Meet the Man Behind McDonald v Chicago
Posted by John Kullman on March 16, 2010 · Leave a Comment
The City of Chicago has some of the country’s most draconian gun laws. Law abiding citizens can’t keep a hand gun in their own home. When 76 year old Otis McDonald heard from other gun rights activists that the Supreme Court held in the Heller Case that Washington, D.C. couldn’t outlaw handgun ownership, he filed a lawsuit against Chicago.
Mr. McDonald and his wife live on the South Side of Chicago and have seen their neighborhood deteriorate over the years as gangbangers and drug dealers have taken over the streets.
“My wife and I are here alone all the time now,” says McDonald, a retired maintenance engineer, who with his wife, Laura, reared three children. “I’ve got burglar alarms hooked into the police department. I have a shotgun, but a handgun (would be) more handy for me to handle.”
Mr. McDonald became an active gun rights advocate a few years ago when he attended an Illinois State Rifle Association rally. He is concerned that a 1982 law that prohibits residents of Chicago from keeping handguns in their homes puts his and his wife’s safety at risk. The senior army vet would challenge drug dealers as they hung around his street and warn that he would call the police: “They’d just call me, ‘You old gray-headed so-and so’ and say they’d get me.”
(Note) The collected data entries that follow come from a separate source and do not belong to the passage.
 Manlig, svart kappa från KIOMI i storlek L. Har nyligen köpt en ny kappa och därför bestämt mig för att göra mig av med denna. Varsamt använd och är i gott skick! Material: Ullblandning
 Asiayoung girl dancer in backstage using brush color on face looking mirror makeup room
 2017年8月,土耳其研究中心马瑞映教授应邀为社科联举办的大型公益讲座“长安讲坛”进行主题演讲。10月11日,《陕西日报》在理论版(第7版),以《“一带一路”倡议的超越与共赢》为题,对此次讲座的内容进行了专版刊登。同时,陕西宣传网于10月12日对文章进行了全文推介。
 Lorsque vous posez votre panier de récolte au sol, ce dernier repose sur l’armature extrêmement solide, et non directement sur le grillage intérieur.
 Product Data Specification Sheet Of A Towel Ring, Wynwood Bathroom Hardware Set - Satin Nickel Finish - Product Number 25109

He took the threats seriously and took steps to change the law. Becoming involved with the Illinois State Rife Association was an unusual move for someone from the South Side but it paid huge dividends.
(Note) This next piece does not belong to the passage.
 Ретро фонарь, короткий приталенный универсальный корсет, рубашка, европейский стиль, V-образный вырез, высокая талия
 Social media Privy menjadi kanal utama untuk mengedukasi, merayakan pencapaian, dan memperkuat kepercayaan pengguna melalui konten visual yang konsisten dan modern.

”I was probably the only black at that first meeting” in Springfield, McDonald says. “I met a lot of people. Everybody was friendly.” The Army veteran adds that “it was like a bunch of old GIs getting together. … I liked their message.”
Lawyers for Chicago argue that states and cities should be able to work out their own solutions for gun crime. The brief states that in 2008 handguns accounted for 402 of 412 firearm homicides in Chicago. It also says that handguns are the weapon of choice for murder in the United States.
Mr. McDonald isn’t convinced by this. It doesn’t seem fair that citizens living in Washington, D.C. should have more 2nd Amendment protections than citizens living outside federal territory. Self-protection should be, as Heller states, a fundamental right.
“Why should we have to suffer with all the laws passed down by the states and the cities,” he says, “while the people who are doing all this (violence) are getting guns and the police can’t stop them?”